Rangel falou longamente sobre as ações práticas que devem fazer parte do programa eleitoral de cultura, destacando a elaboração e aprovação do Plano Nacional de Cultura como diretriz do Estado brasileiro para o desenvolvimento cultural. "O Plano, que deve ser aprovado pelo Congresso Nacional, abre a possibilidade de ter uma força absolutamente transformadora e operação permanente – de pautar a estratégia do desenvolvimento cultural brasileiro nos próximos anos", avalia.

Outra grande luta do setor cultural, entre as ações enumeradas por Rangel como parte do programa eleitoral, é a questão do financiamento da cultura.

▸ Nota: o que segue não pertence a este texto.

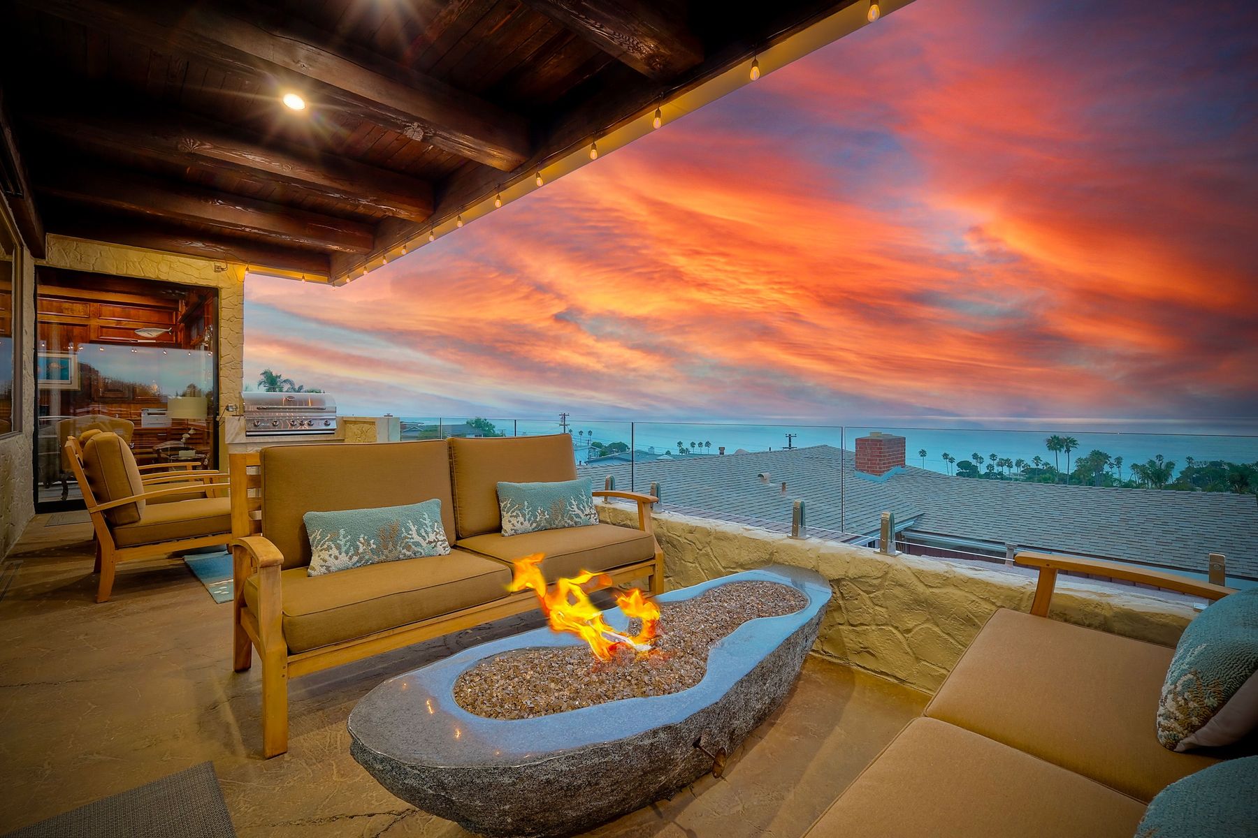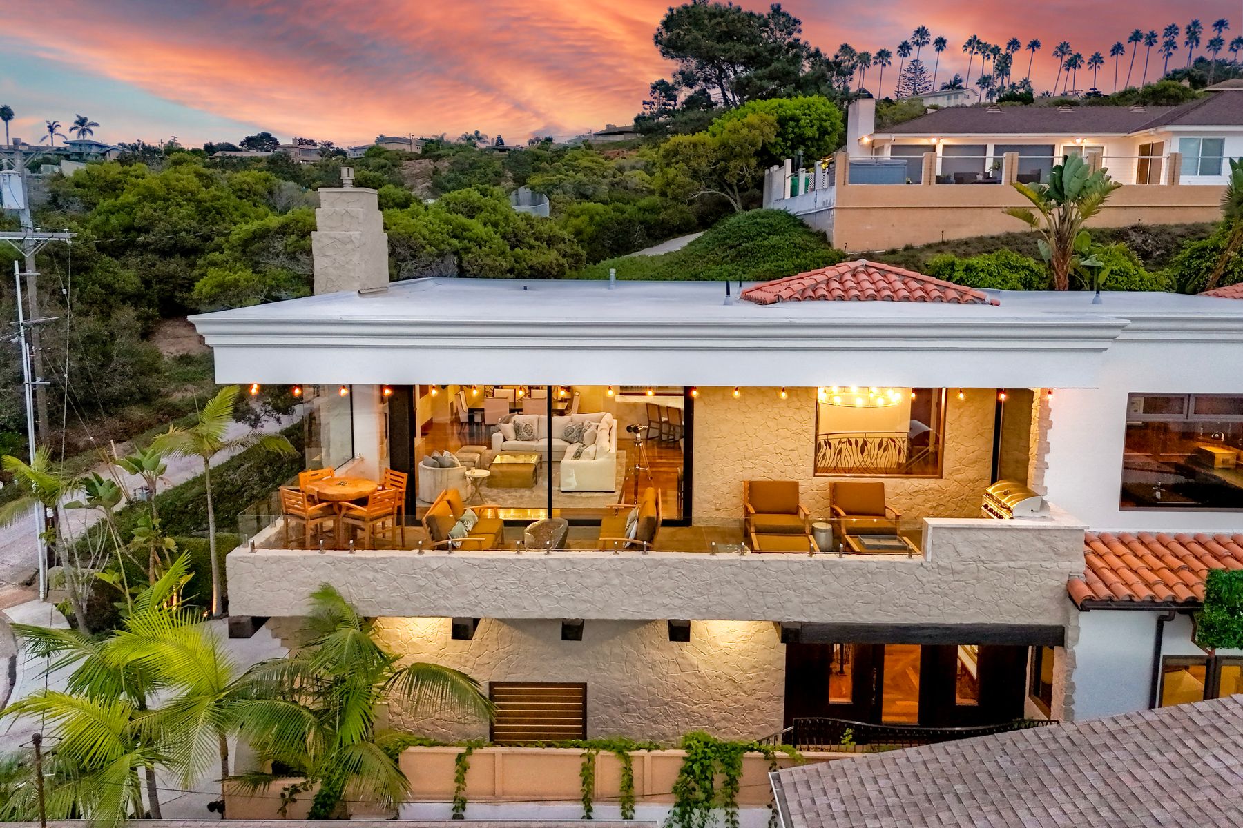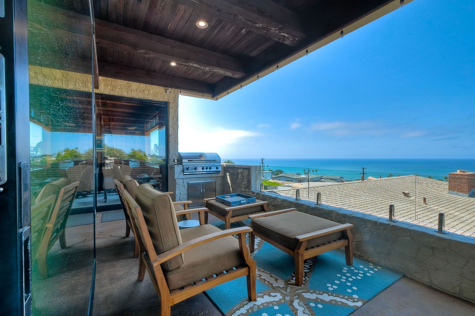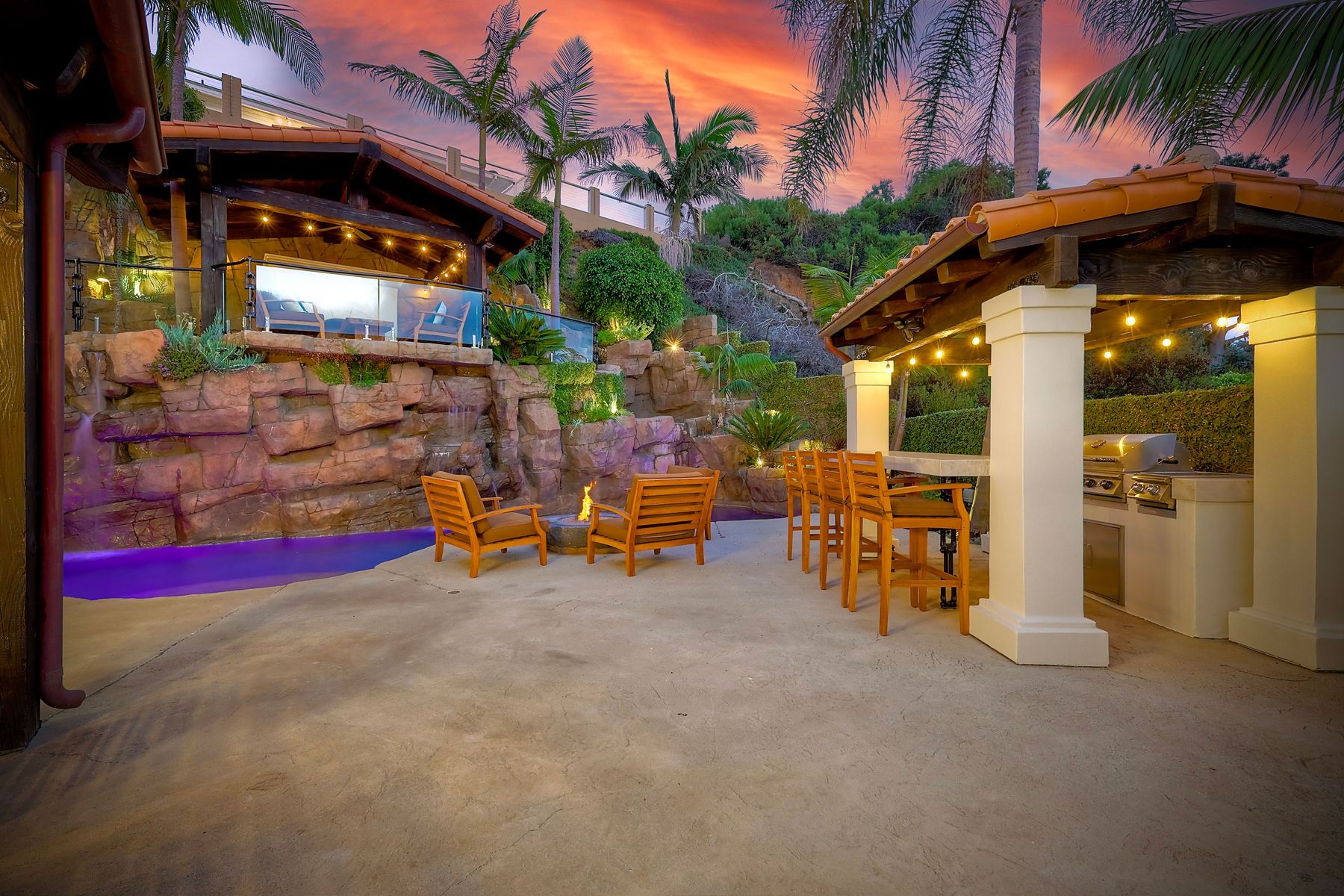 Welcome to Sunset Villa, a masterfully renovated estate on Sunset Cliffs that exudes timeless elegance and modern luxury. This exquisite property offers unobstructed panoramic ocean views from nearly every room, allowing you to indulge in breathtaking sunsets daily. The gourmet kitchen is a chef’s dream, featuring a Cristallo Quartzite custom hood, countertops, full backsplash, and an island illuminated by Auragami LED multicolor lights. The space is enhanced by custom reclaimed wood cabinets and top-of-the-line Wolf and Sub-Zero appliances. The sophisticated design continues with a modern stone fireplace, John Richard and RH light fixtures, new window coverings, new carpet in all bedrooms, and completely remodeled guest bathrooms. Embrace the California indoor-outdoor lifestyle with Fleetwood sliding glass wall systems that seamlessly connect the interior to the exterior, and enjoy enhanced views and privacy with a new glass railing on the balcony and patio. The outdoor kitchens are equipped with new Taj Mahal countertops, two BBQs, a side burner/griddle, and a beverage refrigerator, making it perfect for entertaining. Exhibit your wine collection in the 1,000 bottle climate controlled subterranean wine cellar reminiscent of a European chateau. Modern amenities include a new high-speed internet network, an upgraded alarm system with 360-degree video surveillance, a DoorBird video intercom system, and Sonos audio throughout.The estate boasts plaster lime wash stone, fresh interior paint, stucco, and a newly painted exterior. Enjoy ocean views from the pool spa waterfalls. All-new exterior lighting and landscaping. Nestled on an elevated cul-de-sac, Sunset Villa ensures complete privacy while offering proximity to San Diego Yacht Club, downtown, Petco Park, and just 10 minutes from the airport. Every detail of this estate has been meticulously curated to provide a perpetual vacation-like experience. A visit is essential to fully appreciate the unparalleled luxury and beauty this property has to offer.

O primeiro passo é a elevação para pelo menos 1% do orçamento da União para o setor da cultura. "Essa é uma batalha que tem sido conduzida já nesse governo como sinalização concreta para programa cultural para o próximo período".

Rangel citou ainda a necessidade de revisão das leis de incentivo à cultura, para fazer prevalecer a lógica pública, dentro da valoração e perspectiva de auto-sustentabilidade certos setores; criação de financiadora que permita alavancar a economia da cultura; construção de forte rede pública de rádio e TV no Brasil para romper a lógica monopolística dos meios de comunicação do Brasil e adoção de políticas setoriais – livro, cinema, artesanato, artes plásticas etc –, para criar política de difusão, além da mera produção, e se adequar no conjunto da cadeia econômica.

Para Rangel, "é preciso assumir controle nacional na esfera de distribuição de bens culturais para não viver a situação de gerar e produzir riqueza e não ter essas riquezas alimentando um ciclo de desenvolvimento de produção cultural no território nacional".